Thursday, June 09, 2011

Noble Ends Ignoble Means

Noble Ends Ignoble Means
This is something which has had me thinking for a very long time and is especially relevant to the anti-corruption campaigns which have become the hottest issues, dominating the headlines. Corruption has become part of our DNA, almost as if we cannot help but be corrupt. It exists in varying degrees, minor most are the so called “harassment bribes”, given to get things that we are rightfully and legally entitled to, not out of turn or for any other direct or indirect consideration. This is the first and most elementary example of noble ends achieved by wrong means. However, a fine distinction can be made, where we may feel that the alternative of not paying is so cumbersome and involves such a lot of trouble that we would rather pay. On the other hand the receiver is often a clerk or a poorly paid peon or orderly who while working in a government office has no incentive or scope for promotion. Often we cloak this “harassment bribe” in the garb of “baksheesh” or the ubiquitous “chai-panee” and justify it. The socialist license-permit raj coupled with very high tax rates made the climate impossible for any business venture to even start and individuals saw their hard earned money given away as income tax. To top it all the government and public sector functioned at best, inefficiently and often was guilty of gross corruption. Most of us were brought up to believe that some degree of concealment of tax and gratification of lowly officials was hardly scandalous and could be passed of as normal so as to enable one to function peacefully in life an example of good ends justifying the bad means. Even here there were rare breeds of persons, who never broke the law and paid all their taxes. These guys were considered freaks and worthy of medals but certainly not role models worthy of emulation.
Till the days of liberalization, and while we were still under the Gandhi-Nehru-Indira hang over we still saw profiteering and selfish acquisition of wealth as something undesirable and morally unacceptable while our millions toiled under the sun. So even while we had people who were corrupt, the broad principle of noble means were adopted to achieve noble ends.
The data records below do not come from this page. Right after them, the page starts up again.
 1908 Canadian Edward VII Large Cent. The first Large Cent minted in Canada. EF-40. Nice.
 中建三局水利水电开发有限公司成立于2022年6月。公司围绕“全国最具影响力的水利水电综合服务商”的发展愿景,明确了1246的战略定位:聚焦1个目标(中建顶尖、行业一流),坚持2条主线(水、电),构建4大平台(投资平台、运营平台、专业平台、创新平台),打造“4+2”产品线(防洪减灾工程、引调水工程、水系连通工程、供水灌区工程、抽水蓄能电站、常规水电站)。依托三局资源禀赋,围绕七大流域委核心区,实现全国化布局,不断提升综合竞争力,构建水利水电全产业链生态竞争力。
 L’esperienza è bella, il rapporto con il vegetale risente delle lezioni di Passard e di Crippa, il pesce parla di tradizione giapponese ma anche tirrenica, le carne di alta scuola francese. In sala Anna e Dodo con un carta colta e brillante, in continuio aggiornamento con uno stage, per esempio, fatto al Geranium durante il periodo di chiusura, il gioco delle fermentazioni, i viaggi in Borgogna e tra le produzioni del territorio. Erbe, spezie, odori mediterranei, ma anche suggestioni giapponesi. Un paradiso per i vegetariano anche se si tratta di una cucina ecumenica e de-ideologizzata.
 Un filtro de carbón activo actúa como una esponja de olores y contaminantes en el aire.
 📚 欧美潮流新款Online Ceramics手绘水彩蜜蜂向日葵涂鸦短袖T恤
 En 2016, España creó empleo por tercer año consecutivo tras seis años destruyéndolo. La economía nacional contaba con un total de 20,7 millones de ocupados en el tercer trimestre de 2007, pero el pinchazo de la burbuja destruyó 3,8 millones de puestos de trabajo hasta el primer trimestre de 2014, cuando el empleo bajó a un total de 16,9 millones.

Corruption was there but the figures were smaller and caused shock when revealed. The guilty felt at least a sense of shame and at least felt that they had done wrong. After 1992, profit and grand life styles became not just acceptable but became the be all and end all of life. We were sold dreams and continue to dream and believe in super power status for India and for us Indians. A country which never failed to extol the Gandhian virtues of renunciation, sarvodaya and trusteeship of wealth, suddenly started counting its billionaires. Ignoble means, adopted to achieve material wealth and comforts were not only acceptable but desirable. The figures became astronomical and the corrupt become more and more brazen with a care a damn attitude. However, even as this went on and the middle class almost disconnected from the poor under belly of India. Profit and billionaires became the nations pride and people who were believed in values and adopting noble means to achieve noble ends were seen as obsolete Gandhians.
However, enough is enough and the massive corruption reflected in the recent CWG, 2G scam became the proverbial last straw that broke the camels back. Today, we seek role models who are Gandhian and at least must stand the test of noble means to achieve the noble end of making our country free of the scourge of corruption. While, we have persons of impeccable credentials, leading the anti-corruption crusade, we can see unsavory elements jumping on to the bandwagon for their own selfish motives. Civil society cannot and must not become autocratic themselves and condemn the elected leaders. Fortunately, India’s people and leaders do not need to look far away as we have the excellent example of Mahatma Gandhi where there was no conflict between thoughts, words and deeds. Means and ends were never divorced from each other, as we were the first nation which achieved freedom from our masters and yet retained friendship with them. The anti-corruption crusaders have every right to agitate and press for their demands, but they must adopt unscrupulously correct means. They must be conscious of the fact that they are speaking on behalf of the poorest voiceless Indian whose stake in the system is being diluted by the GDP model of growth represented by the corporatization of India. At the same time, the system can be changed by working with one and all including, government, politicians, bureaucrats and all shades of opinion.
While it will be almost impossible to find leadership of Gandhian stature, at least persons with reasonably clean records or who at least acknowledge their past mistakes and promise to adopt noble means at all times should be entrusted with the leadership of this movement. We as individuals should use our discrimination and choose our leaders wisely. May we guided by divine wisdom and may our nation regain its stature as a country which the world looks upto rather than looks down at.